Let \(C_a(j)\) be the number of indices \(i\) with \(A_i=j\), \(C_b(j)\) be the number of indices \(i\) with \(B_i=j\), and \(K\) be the maximum value among the elements of \(A\) and \(B\). Then we have

\[ \displaystyle \begin{aligned} \sum_{i=1}^{N} \sum_{j=1}^{M} \binom{A_i}{B_j} &= \sum_{i=1}^{K} \sum_{j=1}^{i} C_a(i)\cdot C_b(j)\cdot \binom{i}{j} \\ &= \sum_{i=1}^{K} \sum_{j=1}^{i} C_a(i)\cdot C_b(j)\cdot \frac{i!}{j!(i-j)!} \\ &= \sum_{i=1}^{K} \left(C_a(i)\cdot (i!)\cdot \sum_{j=1}^{i} \frac{C_b(j)}{j!(i-j)!}\right) \\ &= \sum_{i=1}^{K} \left(C_a(i)\cdot (i!)\cdot \sum_{j+k=i} \left(\frac{C_b(j)}{j!}\cdot \frac{1}{k!}\right)\right). \\ \end{aligned} \]

Therefore, defining \(\displaystyle f(x)=\sum_{j=0}^{K} \frac{C_b(j)}{j!}x^j, \ \ g(x)=\sum_{j=0}^{K} \frac{x^j}{j!}\) and \(h(x)=f(x)\cdot g(x)\), the sought value can be represented as \(\displaystyle \sum_{i=1}^{K} C_a(i)\cdot (i!)\cdot[x^i]h\).
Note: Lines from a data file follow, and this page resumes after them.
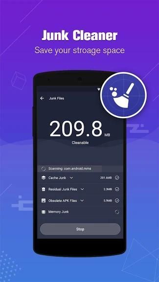 Junk Cleaner membantu untuk menganalisis semua file log, file sementara, file riwayat, dan file AD, dan kemudian merekomendasikan untuk membersihkan file sampah sisa yang tidak berguna untuk melepaskan lebih banyak penyimpanan ponsel.
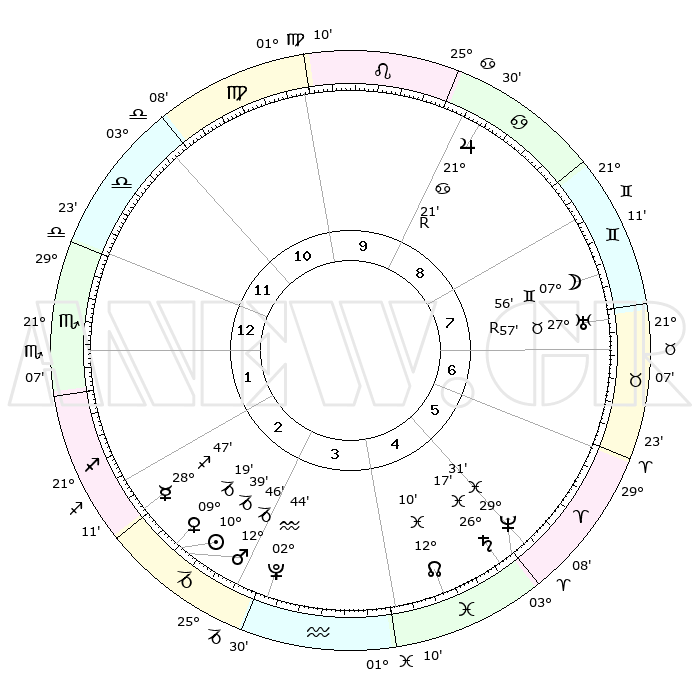 | | ΘΕΣΕΙΣ ΠΛΑΝΗΤΩΝ ΑΣΤΡΟΛΟΓΙΚΟΥ ΧΑΡΤΗ ΤΗΣ ΣΤΙΓΜΗΣ ΑΥΤΗΣ | | | | Πλανήτης | Ζώδιο | Μοίρες | Δεκαήμ. | Σε οίκο | Απόκλιση | | Ακμές των οίκων | | Ηλιος | Αιγόκερως | 10°34' | Δεύτερο | 3 | 23 S 01 | | 1ος | 28°34' | Ζυγός | | Σελήνη | Δίδυμοι | 06°46' | Πρώτο | 8 | 26 N 25 | | 2ος | 26°54' | Σκορπιός | | Ερμής | Τοξότης | 28°40' | Τρίτο | 2 | 24 S 00 | | 3ος | 28°45' | Τοξότης | | Αφροδίτη | Αιγόκερως | 09°13' | Πρώτο | 3 | 23 S 37 | | 4ος | 02°50' | Υδροχόος | | Αρης | Αιγόκερως | 12°42' | Δεύτερο | 3 | 23 S 43 | | 5ος | 05°46' | Ιχθείς | | Δίας | Καρκίνος | 21°21'R | Τρίτο | 9 | 21 N 59 | | 6ος | 04°34' | Κριός | | Κρόνος | Ιχθείς | 26°17' | Τρίτο | 5 | 03 S 33 | | 7ος | 28°34' | Κριός | | Ουρανός | Ταύρος | 27°57'R | Τρίτο | 8 | 19 N 30 | | 8ος | 26°54' | Ταύρος | | Ποσειδώνας | Ιχθείς | 29°30' | Τρίτο | 5 | 01 S 25 | | 9ος | 28°45' | Δίδυμοι | | Πλούτωνας | Υδροχόος | 02°43' | Πρώτο | 3 | 23 S 13 | | 10ος | 02°50' | Λέων | | Β. Δεσμός | Ιχθείς | 12°10' | Δεύτερο | 5 | 07 S 00 | | 11ος | 05°46' | Παρθένος | | Ωροσκόπος | Ζυγός | 28°34' | Τρίτο | | | 12ος | 04°34' | Ζυγός | | Μεσουράνημα | Λέων | 02°50' | Πρώτο | | | |
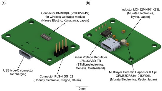 Also, the main components of the wearable module include: two 20 position receptacle connectors, BM10NB(0.8)-20DS-0.4V(51) (Hirose Electric, Kanagawa, Japan); a ceramic antenna, 2450AT18A100E (Johanson Technology, Camarillo, CA, USA); a lithium-ion and lithium-polymer battery charge controller, MCP73812T-420I/OT (Microchip Technology Inc., Chandler, AZ, USA); a low voltage drop fixed stabilizer, MCP1700-3002E/TO (Microchip Technology Inc., Chandler, AZ, USA); a voltage regulator, TLV70033_SOT23-5 (Texas Instruments, Dallas, TX, USA); a Hall sensor, KTH1601SL-ST3 (CONNTEK Microelectronics Technology, Quanzhou, China); an LED, KPHHS-1005SECK (Kingbright, Shanghai, China); and a 32 MHz quartz resonator, NX2520SA (NDK, Tokyo, Japan).
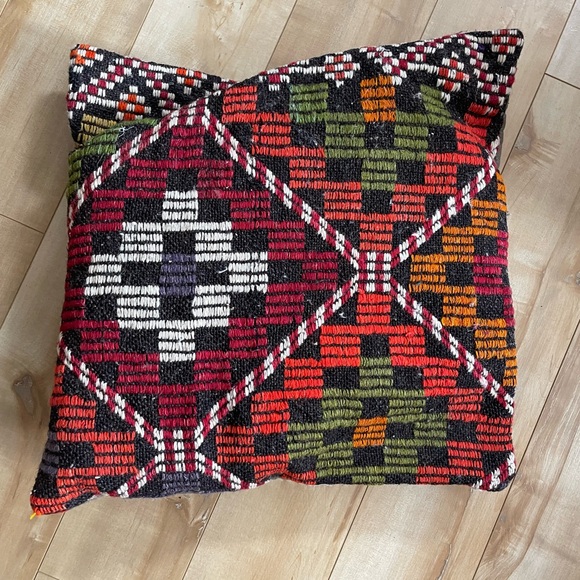 Vibrant pillow with geometric patterns. Features red, green, orange, and black colors. Perfect for adding a pop of color to any room.

Hence, by computing \(h(x)\) using Numeric Theory Transform (NTT), the problem can be solved in \(O(N+M+K\log K)\) time. For implementation, one can use AC Library (Convolution).

Sample code (C++):

#include <bits/stdc++.h>
#include <atcoder/all>

using namespace std;
using namespace atcoder;

using mint = modint998244353;

const int C = 500010;

mint fac[C + 1];
mint ifac[C + 1];

int main() {
    ios::sync_with_stdio(false);
    cin.tie(nullptr);
    fac[0] = 1;
    for (int i = 0; i < C; i++) fac[i + 1] = fac[i] * (i + 1);
    ifac[C] = fac[C].inv();
    for (int i = C - 1; i >= 0; i--) ifac[i] = ifac[i + 1] * (i + 1);

    int n, m;
    cin >> n >> m;
    vector<int> ca(C), cb(C);
    for (int i = 0; i < n; i++) {
        int a;
        cin >> a;
        ++ca[a];
    }
    for (int i = 0; i < m; i++) {
        int b;
        cin >> b;
        ++cb[b];
    }

    vector<mint> f(C), g(C);
    for (int i = 0; i < C; i++) {
        f[i] = ifac[i] * cb[i];
        g[i] = ifac[i];
    }
    auto h = convolution(f, g);
    mint ans = 0;
    for (int i = 0; i < C; i++) {
        ans += h[i] * fac[i] * ca[i];
    }
    cout << ans.val() << endl;
}